--- Task to carry out ---
Set down, exactly and in full, the line holding "Дворец Новика" and all the lines after it until the listing ends, and nothing else.

=-=-=

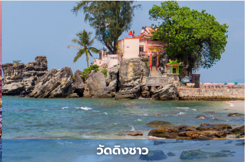
วัดดิ้งซา
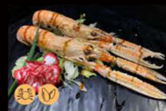
222. Scampi Griglia 11.00€ scampi, salsa teriyaki, sesamo Allergeni: 2,6,11 max 2 porzione a persona
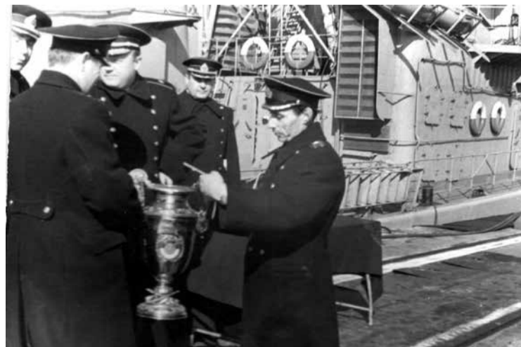
Капитан 1-го ранга Рубинштейн получает кубок за успешное преследование подводной лодки.

Поезд прибыл 22 июня в 7 утра. Не распаковывая вещей, отправились на рынок. Там из длинного уличного репродуктора услышали: «Внимание! Внимание! Говорит Москва». Так и узнали, что на страну напала Германия.
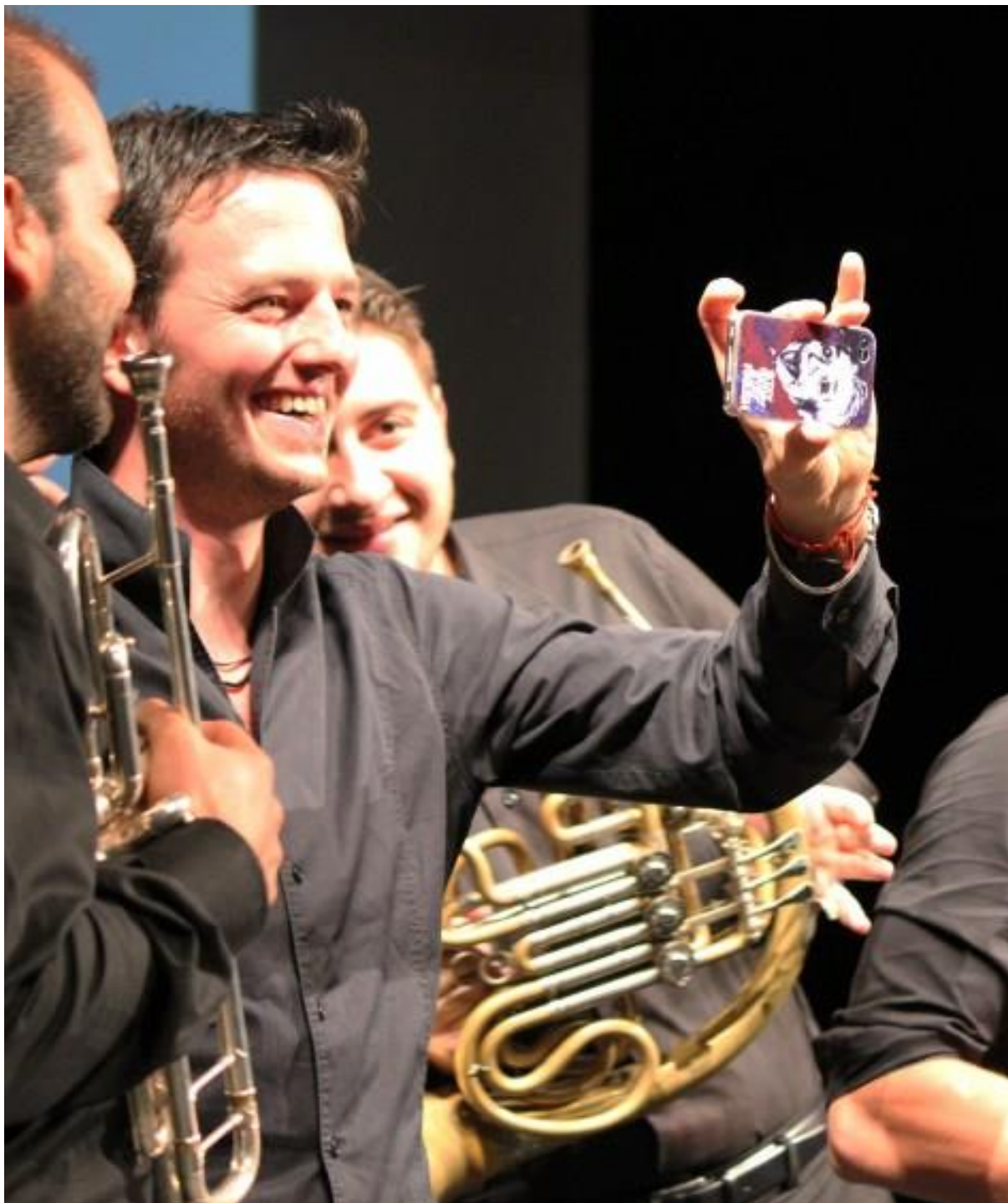
Билли Брасс Бэнд делают селфи на фоне экрана с Чарли в финале вечера.

И после окончания фильм-концерта ребята из бэнда бисовали минут 15, заставляя публику рукоплескать их попури из «Катюши», «Калинки-малинки» и пронзительных еврейских мелодий, устроив напоследок незабываемое брасс-шоу. Некоторые его моменты запечатлены на снимках в нашей галерее к этому посту. А что касается итогов фестиваля, о них — ниже.
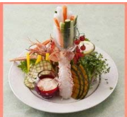
色で楽しむ食材の力
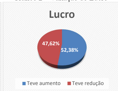
Gráfico 2 – Variação do Lucro
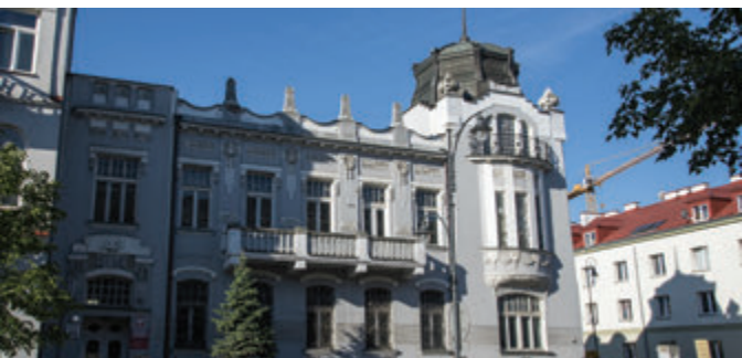
Дворец Новика

До наших дней сохранились не только достопримечательности, но и истории о драматических судьбах состояний промышленников, о создании текстильных империй, а иногда и о их стремительном упадке. Стоит заглянуть в старинные дворцы и познакомиться с увлекательной историей их жителей.

=-=-=

--- Task response ---
Дворец Новика

До наших дней сохранились не только достопримечательности, но и истории о драматических судьбах состояний промышленников, о создании текстильных империй, а иногда и о их стремительном упадке. Стоит заглянуть в старинные дворцы и познакомиться с увлекательной историей их жителей.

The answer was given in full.